Komodo 9.1 Results

TShackel · Post by **TShackel** » Wed Jul 08, 2015 6:40 pm

Hi,

Komodo 9.0 had great results against the April 12th development version of stockfish, and against houdini and gull and other engines. But then I upgraded to Komodo 9.1, and at the same time upgraded to June 17th development version of Stockfish, and Stockfish seems to be fighting back in my tournaments now. Komodo 9.0 was clear leader against earlier stockfish version, but now June 17th version of stockfish is leading Komodo 9.1. So I'm a little concerned for Komodo's sake, and wonder if stockfish is really improving substantially faster recently than Komodo.

These sudden changes in results is part of the the reason I posted the thread "Is komodo trying to become like stockfish" and showed concern about Komodo 9.1 vs. Komodo 9.0. Perhaps all this is just a matter of stockfish improving too at a good rate.
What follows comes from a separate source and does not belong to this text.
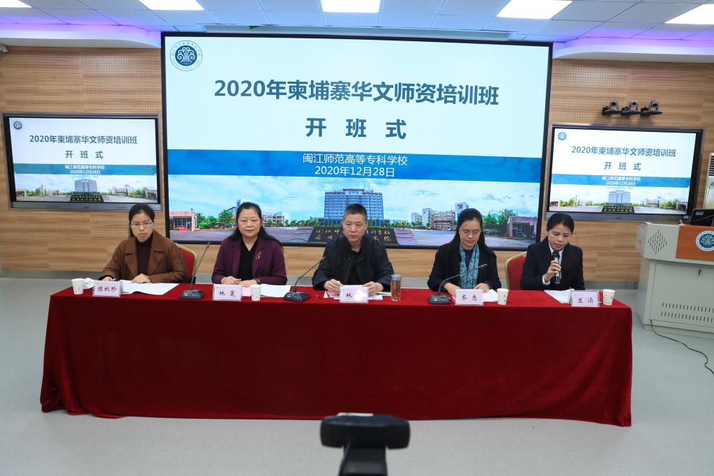 12月28日上午,由福建省侨联主办,闽江师范高等专科学校承办,福州市侨联协办的“2020年柬埔寨华文师资培训班”开班仪式,在闽江师专(福州)和柬埔寨福建总商会(柬埔寨金边)通过网络连线顺利举办。闽江师专校长林贤、福建省侨联文化交流部部长齐志、闽江师专副校长林旻、柬埔寨福建总商会会长、中柬华文师资培训中心理事长邱国兴、柬埔寨柬华理事总会副会长、柬华理事总会文教处蔡伟华、柬埔寨福建总商会执行会长黄可锦、柬埔寨柬华理事总会理事符鸿英及省市侨联相关部门负责人等参与了开班仪式,来自柬埔寨的华文教师学员在线观看了开班仪式。

If anyone has any ideas as to what's causing this phenomenon where Komodo 9.0 had great results, and now Komodo 9.1 is struggling, it would be great to hear what they thought it was caused by.

Sincerely,

Tim.

zullil · Post by **zullil** » Wed Jul 08, 2015 6:50 pm

TShackel wrote: If anyone has any ideas as to what's causing this phenomenon where Komodo 9.0 had great results, and now Komodo 9.1 is struggling, it would be great to hear what they thought it was caused by.

Sincerely,

Tim.

Random variation? That is, perhaps your sample sizes are too low to measure anything but "noise"? Before looking further, can you rule this out?

leslies · Post by **leslies** » Wed Jul 08, 2015 7:00 pm

I was seeing same results,so i started adjusting the draw score of komodo and started seeing komodo winning again;but with different sf var. the results were different,for instance:with a draw score of -7 komodo will beat sf15070415bmi2,but not sf040715mz.I had to drop the draw score to -2 before komodo started winning,but it would lose to the former sf.I DON'T get it.

TShackel · Post by **TShackel** » Wed Jul 08, 2015 8:22 pm

zullil wrote:Random variation? That is, perhaps your sample sizes are too low to measure anything but "noise"? Before looking further, can you rule this out?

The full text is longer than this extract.